Domaine Clarence Dillon
- Company type: SAS (Société par actions simplifiée)
- Industry: Wine and Hospitality
- Founded: Paris, France (1935)
- Founder: Clarence Dillon
- Headquarters: 31 avenue Franklin D. Roosevelt 75008 Paris, France
- Key people: Prince Robert of Luxembourg (President)
- Products: Château Haut-Brion Château La Mission Haut-Brion Château Quintus Clarendelle, Inspiré par Haut-Brion, Clarence Dillon Wines, Le Clarence, La Cave du Château, Big French Bottle
- Website: domaineclarencedillon.com

= Domaine Clarence Dillon =

French wine company

Domaine Clarence Dillon is a wine company run by a family that owns estates such as Château Haut-Brion (a 1855 Premier Grand Cru Classé), Château La Mission Haut-Brion (Grand Cru Classé de Graves), Château Quintus (Saint-Emilion Grand Cru) and Clarendelle. Since 2015, Domaine Clarence Dillon has also had a two-star gourmet restaurant Le Clarence and La Cave du Château, a wine shop, both in Paris.

== History ==
The company was founded on June 1, 1935, and named after its owner, the American financier Clarence Dillon, who bought Château Haut-Brion in 1935.

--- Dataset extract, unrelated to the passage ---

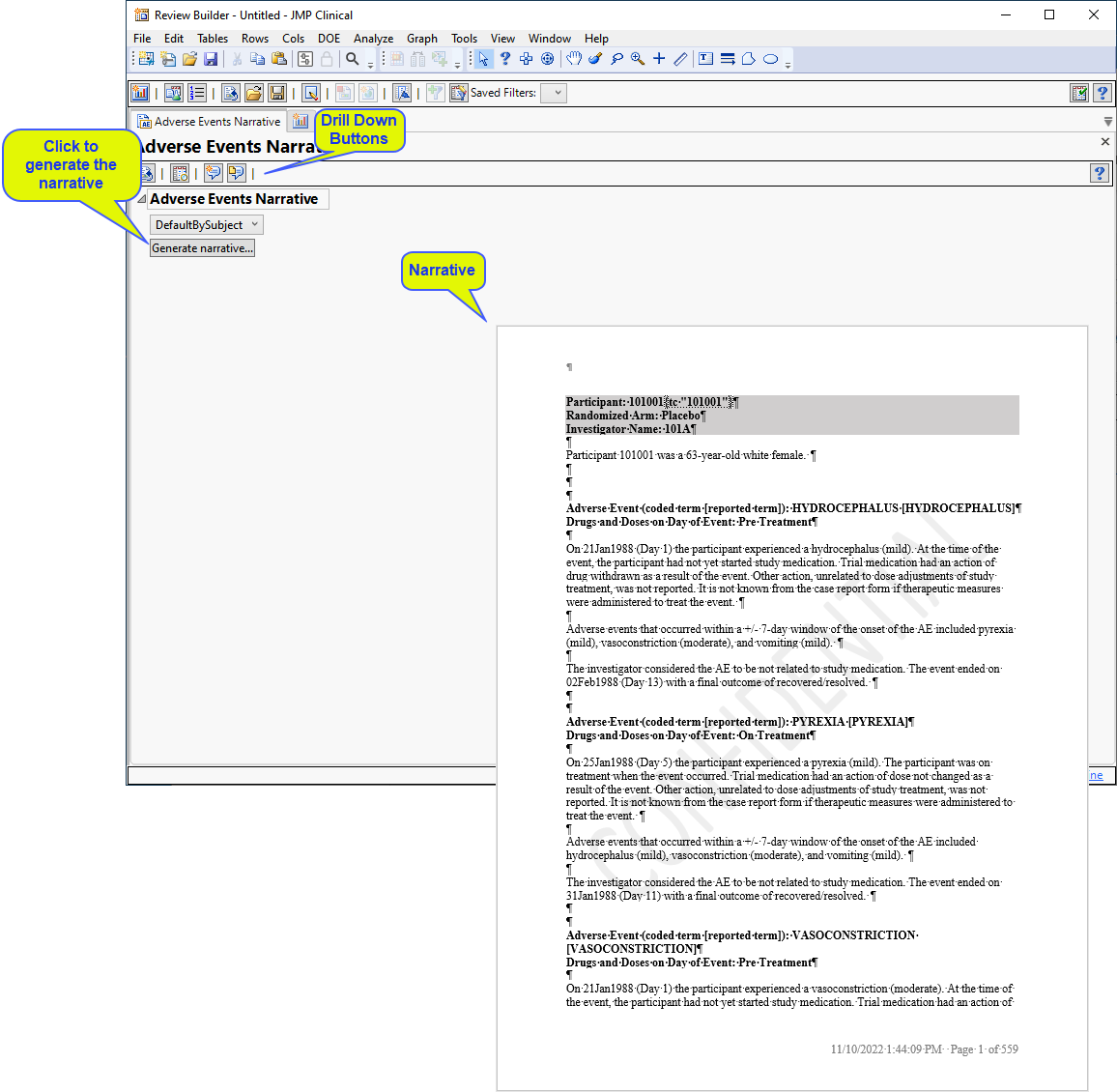A narrative, containing descriptions of all of the observed adverse events, is generated for each patient. The narrative for the Nicardipine example is 3134 pages long. In the example shown here, subject 101001 experienced 4 adverse events that are described over 2 pages.

From 1935 to 1975, Seymour Weller, nephew of Clarence Dillon, managed the company.

From 1975 through 2008, Joan Dillon,
Duchesse de Mouchy, served as president of Domaine Clarence Dillon.
Her husband, Philippe de Noailles, 8th Duke of Mouchy (1922–2011), was General Manager. Under their management, the company bought Château La Mission Haut-Brion, Château Laville Haut-Brion and Château La Tour Haut-Brion in 1983.

In 1993, Prince Robert of Luxembourg, son of the Duchesse de Mouchy and great-grandson of Clarence Dillon, joined the Board of Directors. In 2002, he became General Manager. Since 2008, Prince Robert of Luxembourg, her son by her marriage to Prince Charles of Luxembourg, is President of Domaine Clarence Dillon.

The Board of Directors of Domaine Clarence Dillon includes only descendants of Clarence Dillon, through his son C. Douglas Dillon, who had served as U.S. Secretary of the Treasury from 1961 to 1965, or his daughter Dorothy Dillon-Eweson.

In 2010, Domaine Clarence Dillon and the Dillon family became founding sponsors of La Cité du Vin in Bordeaux. This cultural center celebrating the global wine culture opened its stores in 2016, receiving close to half a million visitors annually. Prince Robert of Luxembourg is a member of the Board of Directors of La Cité du Vin Foundation and President of its Cultural Committee.

On June 24, 2011, Domaine Clarence Dillon announced the acquisition of Château Tertre Daugay, former First Growth of Saint-Emilion, now renamed Château Quintus.

In 2013, Château Quintus itself acquired the neighbouring property, Château L’Arrosée.

== Recent activities ==
On November 17, 2015, Domaine Clarence Dillon's scope of activities broadened with the creation of two new companies, both based in its headquarters, a mansion house located in the heart of Paris Golden Triangle. This residence allows visitors to discover the atmosphere of Château Haut-Brion while also discovering a gourmet cuisine awarded 2 Michelin stars, “Le Clarence”. Housed in the same building is “La Cave du Château”, a fine wine shop featuring a wide selection of wines sourced exclusively from the greatest terroirs of France. In November 2017 it created a website celebrating large format bottles: Big French Bottle.

In October 2018, Prince Robert of Luxembourg and Domaine Clarence Dillon joined Primum Familiae Vini, an international association of 12 of the world's finest wine producing families.